5 is a rather powerful array language and supports a highly interactive style of programming due to the features inherited from Forth. Since the basic data structures that 5 operates on are nested arrays, many problems can be solved without the need for explicit loops or complex conditionals, as the preceding examples have shown. Since I have 5 running on my OpenVMS system, I do not miss VAX APL any longer since 5 brings nearly all of the power of APL to my system without the need for costly third-party software, etc.

Nevertheless, 5 is still a work in progress.  Although the set of operators and functions which are implemented at the time of writing this journal is rather large, there may be problems that may require extensions to the language. In many cases, these extensions can be incorporated in the standard library stdlib.5 or the mathematical library mathlib.5, which are both part of the 5 distribution kit.
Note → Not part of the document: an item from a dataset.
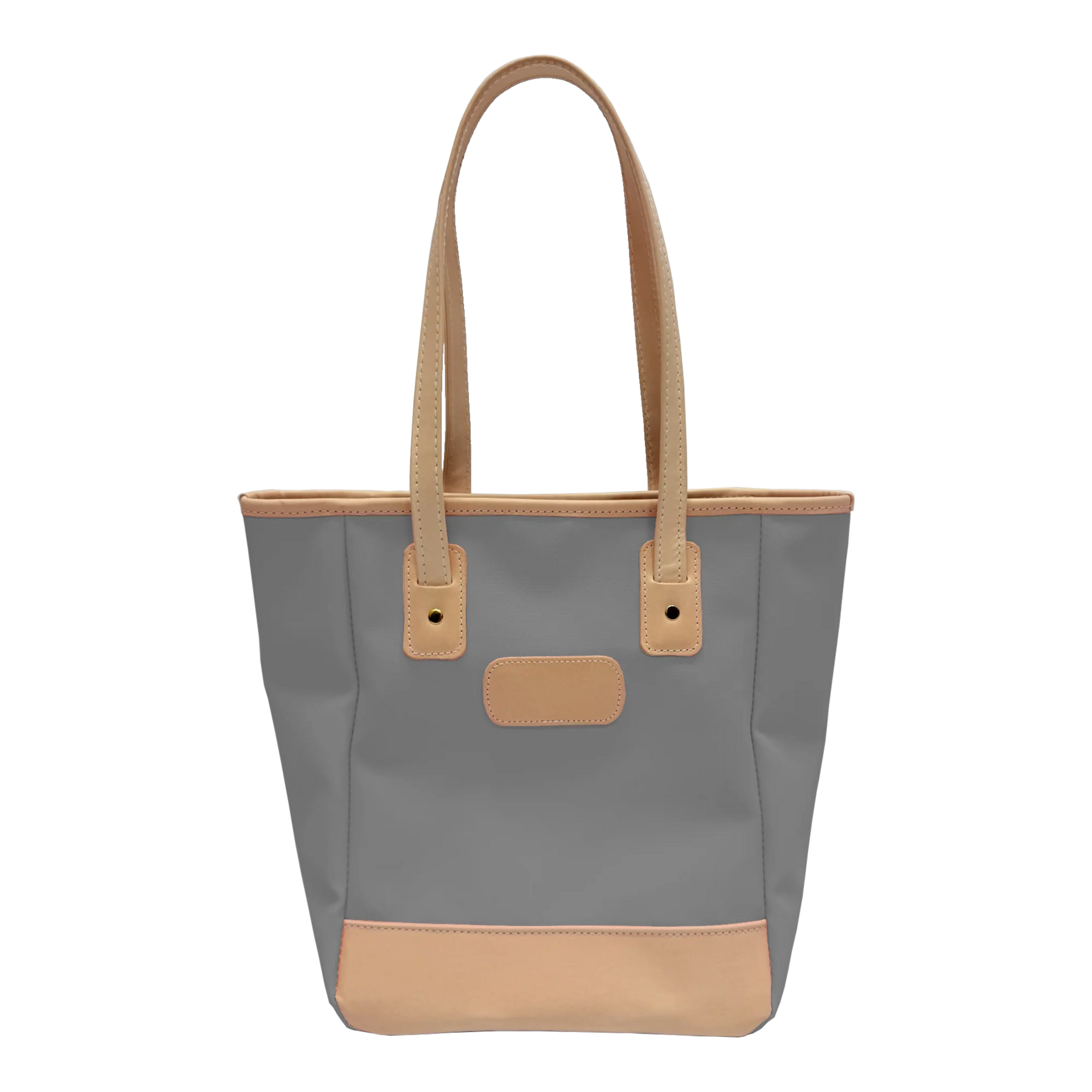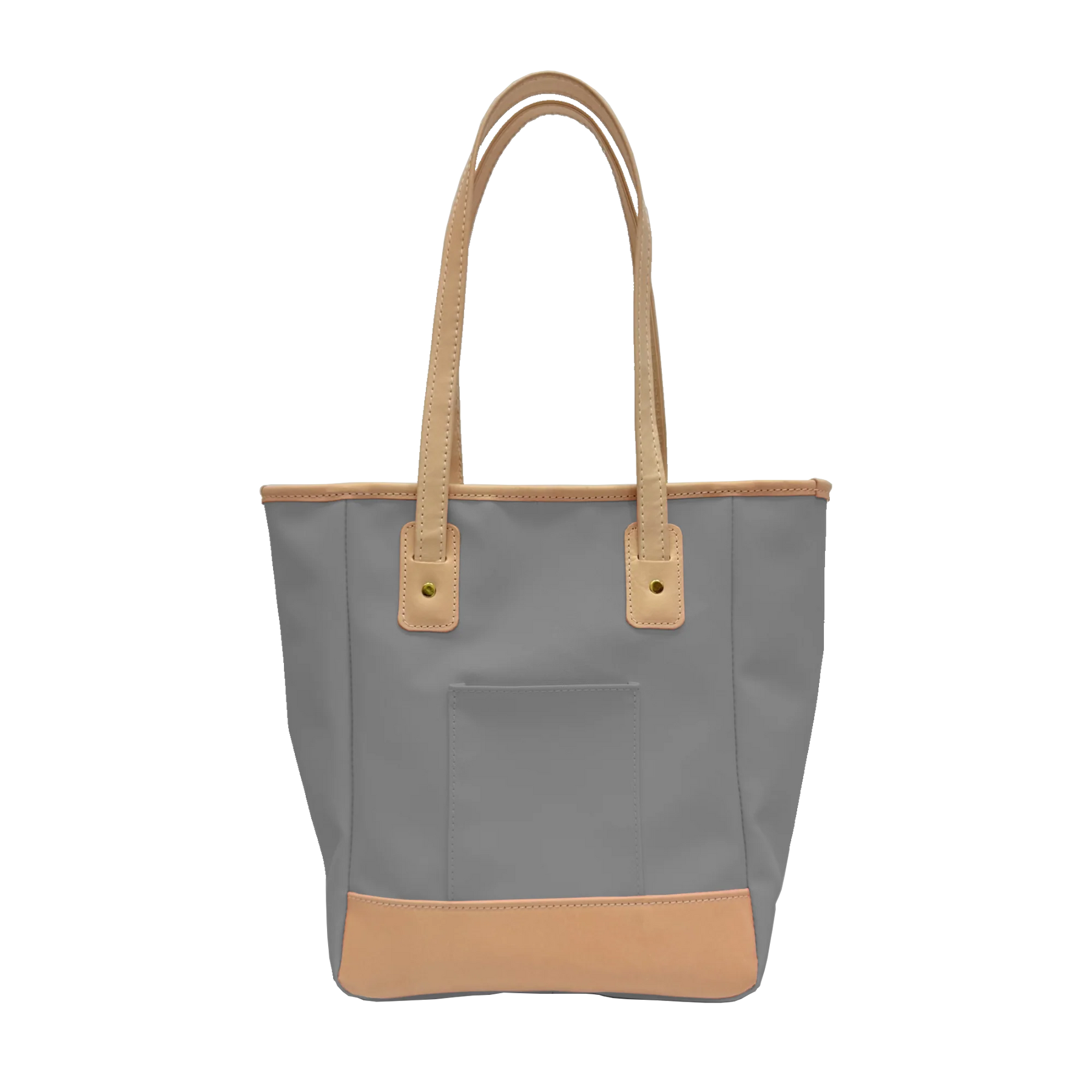 A simple yet classy looking small tote or large purse with a handy outside pocket for a cell phone, keys, or other often-used items. Also includes four open and one zippered inside pockets.

If this is not feasible for a particular problem, it is rather easy to extend the interpreter itself.

If you like what you have been introduced to in this paper and are interested in learning more, please feel cordially invited to participate in the development efforts of 5. The next steps of the development team will involve the addition of new words in the libraries, enhancing the documentation (a quick reference guide is currently being written, in addition to the rather complete introductory documents), and the development of a stable regression test suite to facilitate further developments, etc. 

For more information

Contact the author at ulmann@vaxman.de.

^[1] Cf. http://www.aplusdev.org.

^[2] The author would like to thank Mr. Thomas Kratz who did most of this second implementation.

^[3] This, of course, assumes that the interpreter resides in a directory called [5] located on the disk DISK$SOFTWARE – adapt this definition to suit your local situation.

^[4] Note that word definitions which are made in interactive mode have to fit in a single line! This example is taken from a file which was executed by the 5 interpreter.